• What the task asks:
Produce an exact transcription of the listing below, omitting the pictures.

• Dataset extract:
+ + + +
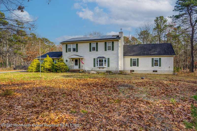 Rare opportunity to own 2 homes situated on 2 separate lots, totally 5 acres! The front home is a classic Colonial with 4 Bdrms, 3 1/2 bths. large kitchen, huge great room, full basement. Solar panels are owned and new gas lines at the street. 2nd home is tucked behind woods with its own long private driveway. Lovely, oversized Cape with 4 bdrms,2 1/2 bths. open concept kitchen, dining and family room. First level and full basement have 9 FT ceilings Outside has a beautiful in-ground pool with waterfall. There is also, a small barn and paddocks for horses. Gas lines have already been brought down to this house and is ready for hook-up.
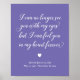 Dieses schöne, lila und weiße Denkmalzeichen ist eine passende Art, sich an das zu erinnern und zu ehren, das vergangen ist, aber Sie werden immer Liebe und Erinnerung. Es enthält den Text "Ich kann dich nicht mehr mit meinen Augen sehen, aber ich kann dich in meinem Herzen für immer fühlen" mit einem Herz und deinem Text unten.
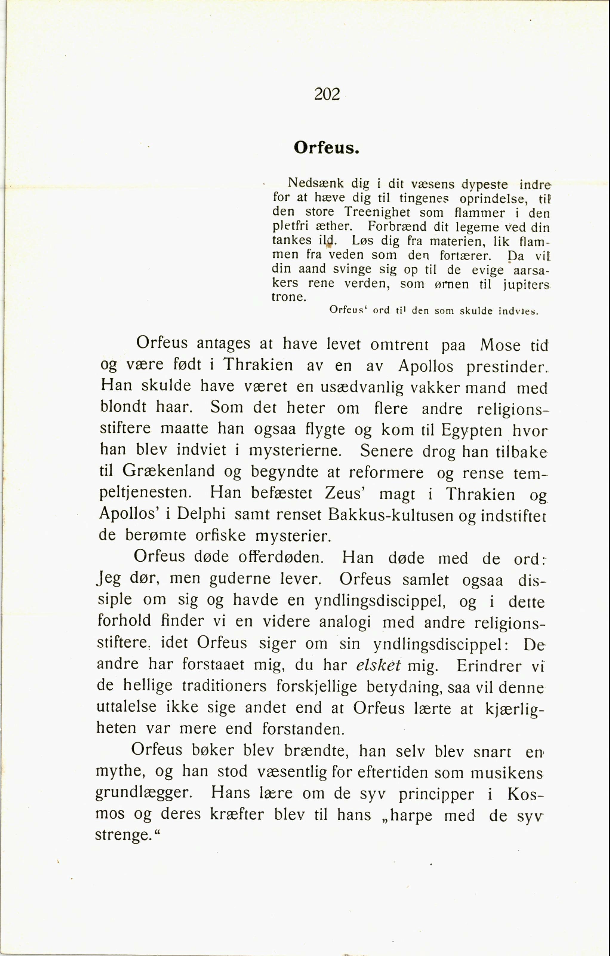 stiftere. idet Orfeus siger om sin yndlingsdiscippel: De
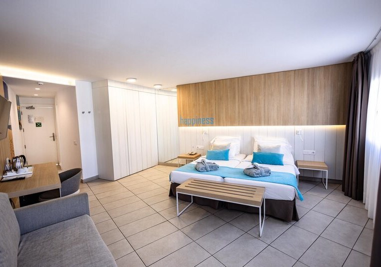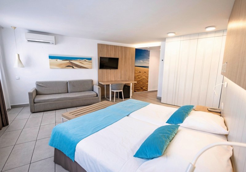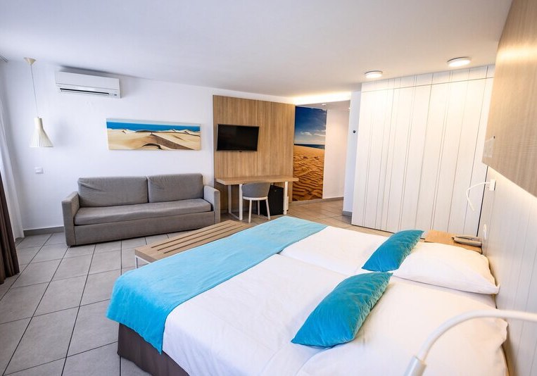 Ein Teil der Superior-Zimmer bietet einen eingeschränkten Meerblick. Zustell- oder Kinderbetten sind laut Angaben möglich und machen die Räume familientauglich. Fliesenboden, Schreibtisch und Sitzgelegenheit erleichtern das Organisieren von Strandtag und Abendprogramm. So entsteht ein klarer, unkomplizierter Rückzugsort – mit frischer Luft auf Balkon oder Terrasse.
+ + + +
• Exercise answer:
 Rare opportunity to own 2 homes situated on 2 separate lots, totally 5 acres! The front home is a classic Colonial with 4 Bdrms, 3 1/2 bths. large kitchen, huge great room, full basement. Solar panels are owned and new gas lines at the street. 2nd home is tucked behind woods with its own long private driveway. Lovely, oversized Cape with 4 bdrms,2 1/2 bths. open concept kitchen, dining and family room. First level and full basement have 9 FT ceilings Outside has a beautiful in-ground pool with waterfall. There is also, a small barn and paddocks for horses. Gas lines have already been brought down to this house and is ready for hook-up.
 Dieses schöne, lila und weiße Denkmalzeichen ist eine passende Art, sich an das zu erinnern und zu ehren, das vergangen ist, aber Sie werden immer Liebe und Erinnerung. Es enthält den Text "Ich kann dich nicht mehr mit meinen Augen sehen, aber ich kann dich in meinem Herzen für immer fühlen" mit einem Herz und deinem Text unten.
 stiftere. idet Orfeus siger om sin yndlingsdiscippel: De
 Ein Teil der Superior-Zimmer bietet einen eingeschränkten Meerblick. Zustell- oder Kinderbetten sind laut Angaben möglich und machen die Räume familientauglich. Fliesenboden, Schreibtisch und Sitzgelegenheit erleichtern das Organisieren von Strandtag und Abendprogramm. So entsteht ein klarer, unkomplizierter Rückzugsort – mit frischer Luft auf Balkon oder Terrasse.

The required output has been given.